Я начитал в сочинениях господина Бернуллия, который был, впрочем, человек по своему пространному уму и глубокому знанию достоин великого уважения и почтения, такое предложение, которое представляет его читателям неосторожным в страсти к математике. Он пишет2, что говаривал-де несколько раз с искусными математиками об одной весьма важной следующей задаче: какого свойства будет та кривая линея, когда привязать к двум гвоздям, вбитым в стену, веревку, но не удалось-де еще тогда ни другим математикам, ни ему решить ее; а потом он (пишет обрадовательным штилем), наконец, решил ее; чтение сего к жадности клонящего предложения разбудило мое внимание так, что я нетерпеливно желал дочитаться до того, к чему будет служить употребление его в практике, но наконец увидел, что все дело кончилось одним решением о свойстве той линеи, а не показанием пользы от нее в практике. Вот до чего довела страсть к математике такого великого человека в ученой республике, коему по его великому разуму следовало упражняться в полезнейшем каком деле.

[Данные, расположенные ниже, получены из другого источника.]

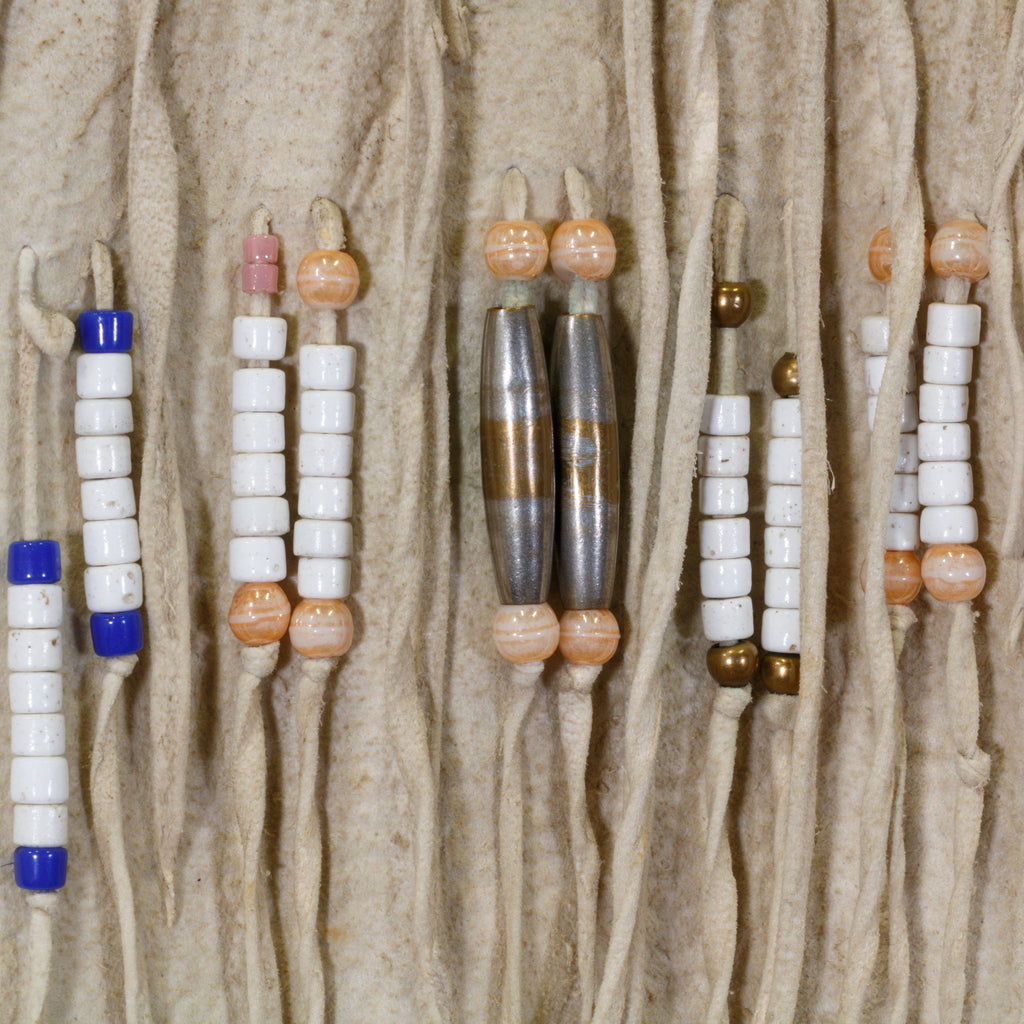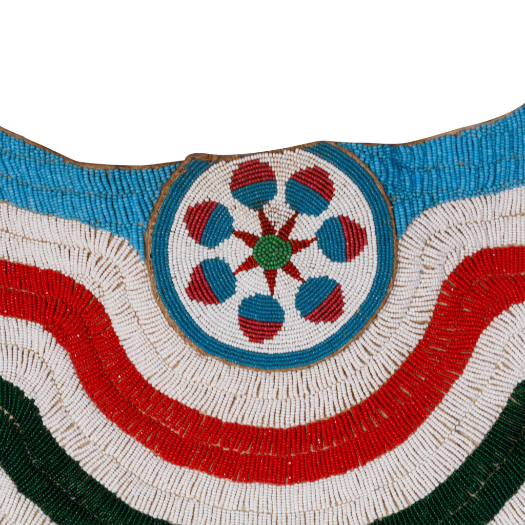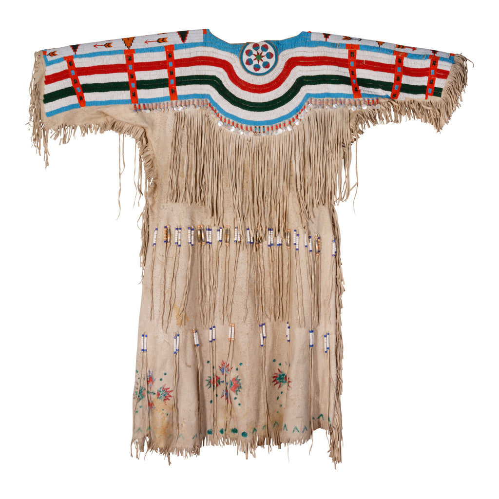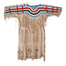 Beautiful brain tanned elk hide dress. The yoke with underlying rows of larger red, white, green and blue beads. Shoulder stirps lazy stitched with 20/0 cut seed beads and containing arrows with other geometrics. Rose and painted florals near hem.

Теперь я после изъяснения надобности пользы и осторожности в учении должен предложить о содержании и порядке находящейся в сей книге науки, а потом описать и пользу самой сей науки.

Что принадлежит до содержания сей книги, то в ней преподаются правила философии, которую разделил я на теоретическую, и практическую, или нравоучительную; теоретическую - на логику и метафизику, а нравоучительную - нa юриспруденцию и политику, а нижние разделения увидит читатель при чтении самой материи.

Физики я не включил в философию потому, что она сама собою очень пространна, как то видеть можно из одной малой ее части, изданной мною в свет под именем "Механических предложений".

Как мы о соответствии между душою и телом основательного и неоспоримого познания ни из опытов, ни от умствования вывесть не можем, то для того я не вступаю в рассуждение о сем и дивлюсь тому, что другие авторы, и не разумея, писали о сей материи.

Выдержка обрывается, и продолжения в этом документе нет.